Where a line of the data below has the string "کاری", copy that line.

### EXTRACTED ENTRIES ###

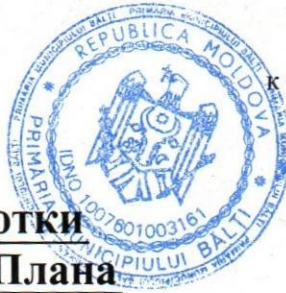
СХЕМА РАЗМЕЩЕНИЯ участков, отведённых для разработки Детального Градостроительного Плана
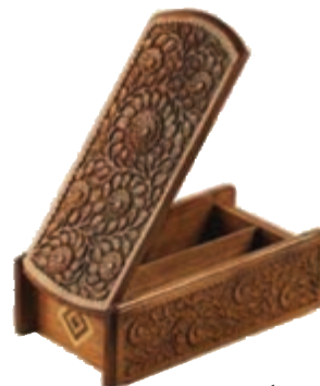
شکل ۵۹-۵- ریزه‌کاری

۲- ریزه‌کاری: هنری بسیار ظریف، زیبا و کاربر است. در این هنر چوب‌هایی بر اساس طرح و نقش از قبل آماده می‌شود و بر قسمت خالی شده چوب روکش می‌شود. ارومیه مرکز اصلی این هنر است. عمده‌ترین تولیدات این صنعت رحل قرآن، جعبه جواهرات، جعبه دستمال کاغذی، قاب عکس، صفحه شطرنج و... است.
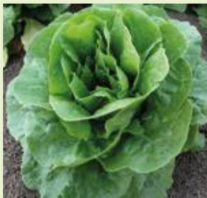
Osiride (Enza Zaden).
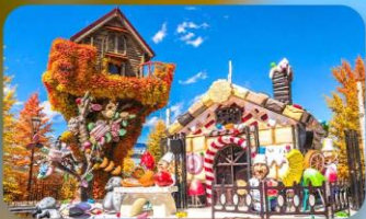
โรงงานช็อกโกแลต ชิโรอิ โคอิบิโตะ
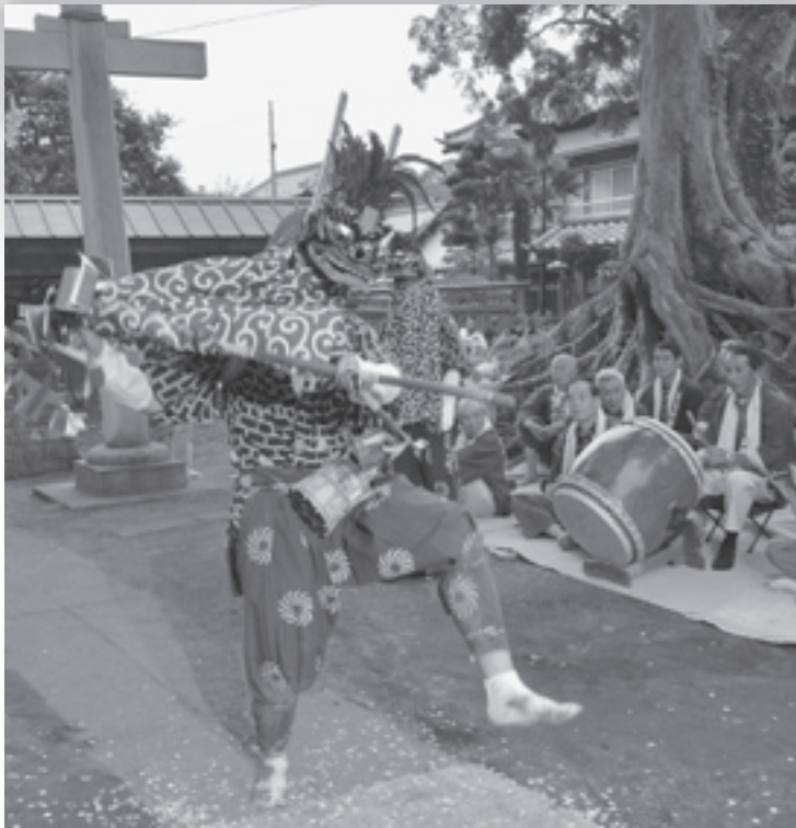
香取神社での演舞(馬橋の獅子舞)

地元保存会の皆さんは、この日のために練習を重ね、江戸時代から引き継がれている伝統の舞を演舞。境内に訪れた方々は、幻想的な舞をカメラに収めようと熱心にシャッターを押ししていました。
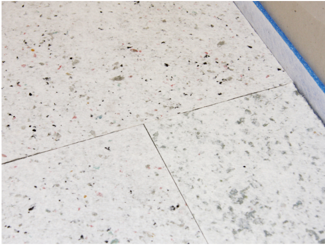
Plattenstöße nebeneinanderliegender Reihen werden versetzt verlegt.
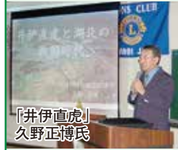
「井伊直虎」 久野正博氏
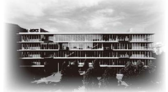
アシックス本社東館
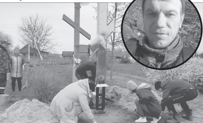
Тепер є ідея продовжити озеленення центральної частини села на знак пам'яті про полеглого Героя.
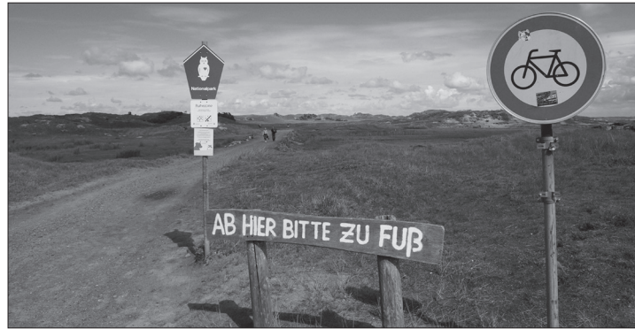
Zu den geplanten Erdgasförderungen im Wattenmeer hat das UNESCO-Welterbekomitee Stellung bezogen.

(dol) – Das Welterbekomitee der UNESCO hat im Rahmen seiner kürzlichen Sitzung im saudi-arabischen Riad seine Sorge über geplante Öl- und Gasförderprojekte und weitere wirtschaftliche Aktivitäten im Weltnaturerbe Wattenmeer zum Ausdruck gebracht. Seit dem Jahr 2019 werde die UNESCO regelmäßig über Entwicklungen in Kenntnis gesetzt, die den besonderen universellen Wert des Wattenmeers beeinflussen könnten, heißt es in dem gefassten Beschluss.

###

**WRITTEN ANSWER**
شکل ۵۹-۵- ریزه‌کاری
۲- ریزه‌کاری: هنری بسیار ظریف، زیبا و کاربر است. در این هنر چوب‌هایی بر اساس طرح و نقش از قبل آماده می‌شود و بر قسمت خالی شده چوب روکش می‌شود. ارومیه مرکز اصلی این هنر است. عمده‌ترین تولیدات این صنعت رحل قرآن، جعبه جواهرات، جعبه دستمال کاغذی، قاب عکس، صفحه شطرنج و... است.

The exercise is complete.